In case you’re not a sports fan, or you live under a rock –and many would say the two go hand in hand– this past Spring was filled with talk radio topics and blogs about Donald Sterling, the soon-to-be former owner of the Los Angeles Clippers, a professional basketball team. Topics ranged from racism (and hypocrisy) to geriatric cradle robbing to privacy rights.
Sterling is a billionaire in his 80s and is one of the more hated sports owners for two reasons: perpetual futility of the Clippers for close to 3 decades (until the past two seasons) and shrewd landlord practices including shades of racist views and approaches.
Donald, who appears to have nothing more than a business relationship with his wife, has been openly dating young, female “friends” who have no marketable skills –as seems to be the case with dozens of people in reality t.v. these days. In the Spring, one such friend (who I refuse to give a line of publicity to) capitalized on her friendship, receiving a house, car and all kinds of clothes and jewelry. And, as is common with this type of sycophant, she wasn’t satisfied and turned to extortion. When she didn’t get her way, a voice recording of a private conversation was “unintentionally” released to the public where Sterling stated his preference that she not bring men of a certain race to Clippers games.
Suddenly, and despite 30 years of knowing Sterling was a racist, everyone reacted as people seem to do on Twitter, Facebook and traditional media. The NBA was, of course, faced to deal with one of its elephants in the corner of the room by fining Sterling and banning him from his own team’s games. I won’t go into the legalities of the NBA franchise, but the NBA seemed to have grounds to do so.

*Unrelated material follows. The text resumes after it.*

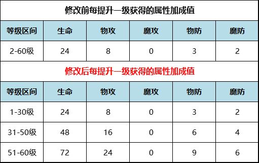 我们将对芋芋的升级属性加成值做出修改。本次维护后,芋芋30级后每次升级所获得的属性提升,将和其他五花角色一样获得对应增幅,兰德洛德已经升级到30级以上的芋芋,将在更新后直接获得这部分属性加成,还请参见修改前后的属性加成值对比图:
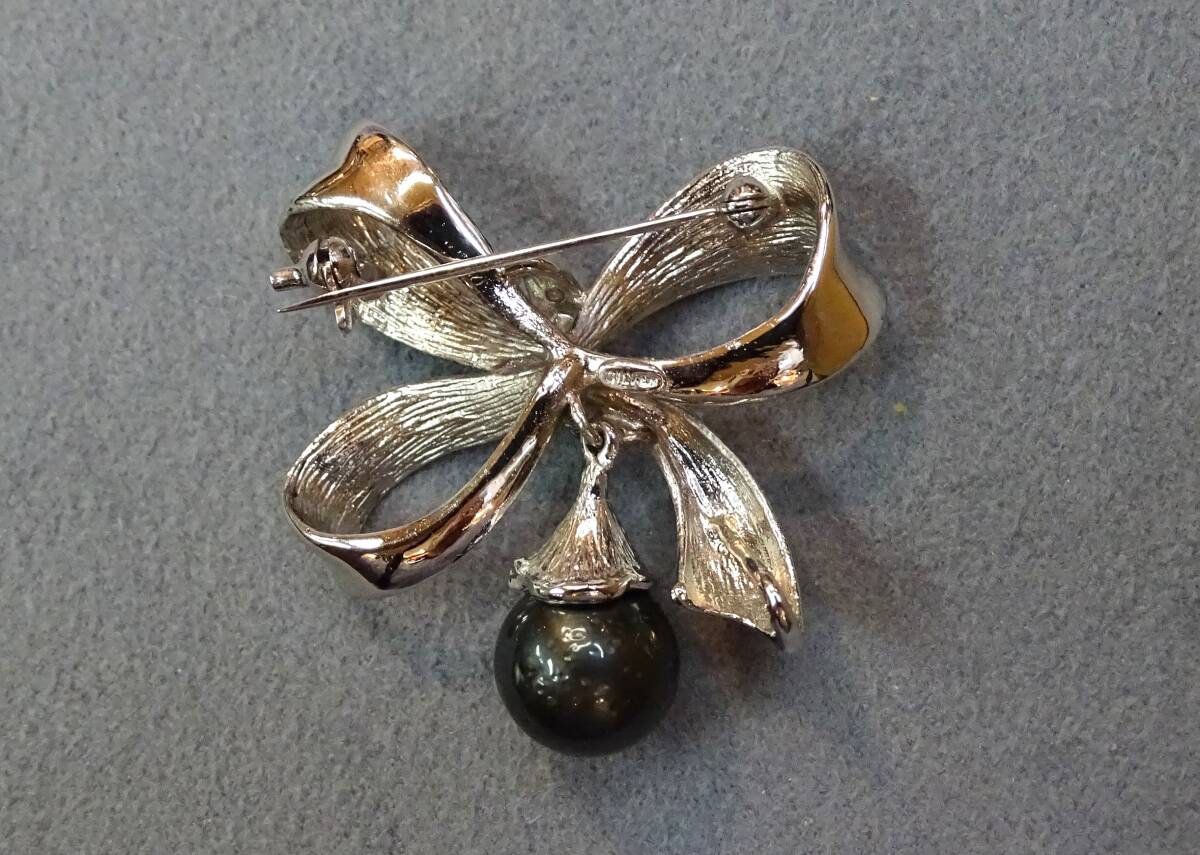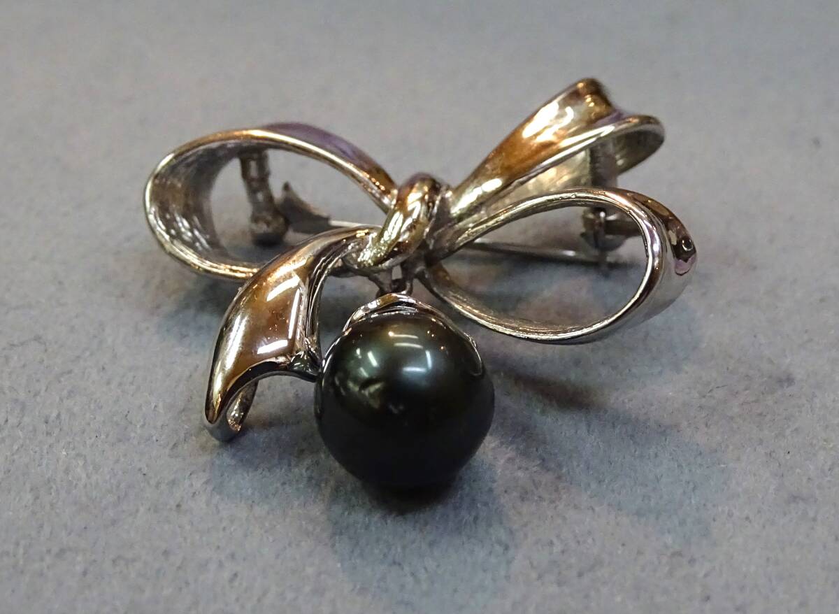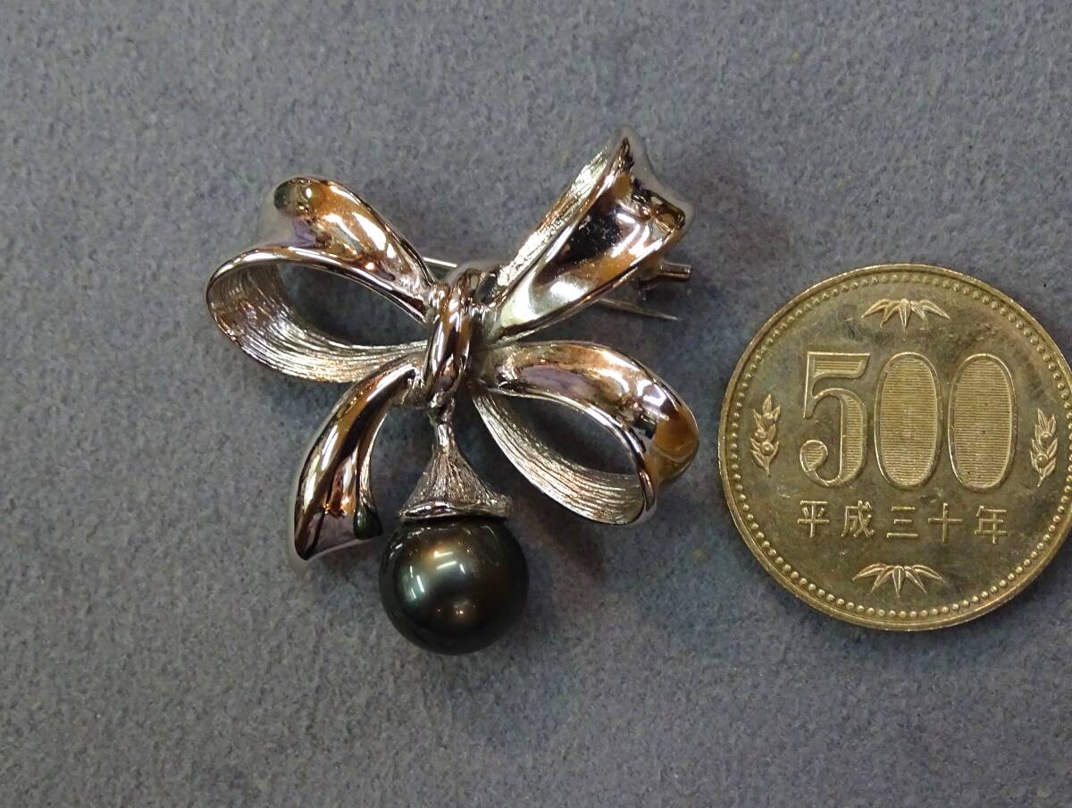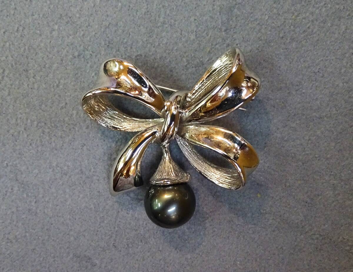 天然【黒蝶パール】ブローチ・リボン型・消費税・送料込み・ペンダント・シルバー・新品・未使用・本物

Shelly, seizing the opportunity to mitigate damages, sought to sell the Clippers, get max dollar for it, and allow everyone to move on. The Clippers, however, were owned by the Sterling Family Trust (or whatever it’s named) and Donald was her co-trustee meaning she could not sell the team –or any large asset– without his signature. What to do?
Fortunately, the scandal had Donald spinning, acting questionably, and making contradicting statements every 12 hours or so. Shelly brought Donald to two physicians to determine whether or not he showed signs of dementia, or incapacity. Why? Because the Trust dictated that either co-trustee could be relieved of their powers if they were deemed incapacitated by two doctors. Both doctors diagnosed him as incapacitated, Shelly sold the team, and the Sterlings will make $2 Billion while the NBA quietly sticks the elephant back in the corner (what, you thought he was the only racist owner?).
As expected, Donald sued when he came out of his funk. On Monday, July 28, 2014, the LA Superior Court ruled that the doctors who had examined Donald Sterling and ruled him mentally incapacitated had acted appropriately. The trial was narrow in scope, focusing on three issues: whether Shelly Sterling had followed the directions of the trust in removing her husband as co-trustee; whether the probate court had jurisdiction over the matter; and if Shelly Sterling won, whether the sale could proceed even if the decision was appealed.
Although Donald is planning to appeal, he will likely lose the appeal for boring legal reasons you don’t want to read about. But Donald should be happy that the Trust worked exactly as it was designed to.
What if Donald was tired of owning the team and wanted to sell it, but Shelly didn’t want to? And what if Shelly was suffering from early Alzheimer’s and was irrational in her refusal? He would have been able to avail himself of the very clause Shelly used. Get two doctors to properly diagnose her, remove her as co-trustee, and handle the assets as he sees fit.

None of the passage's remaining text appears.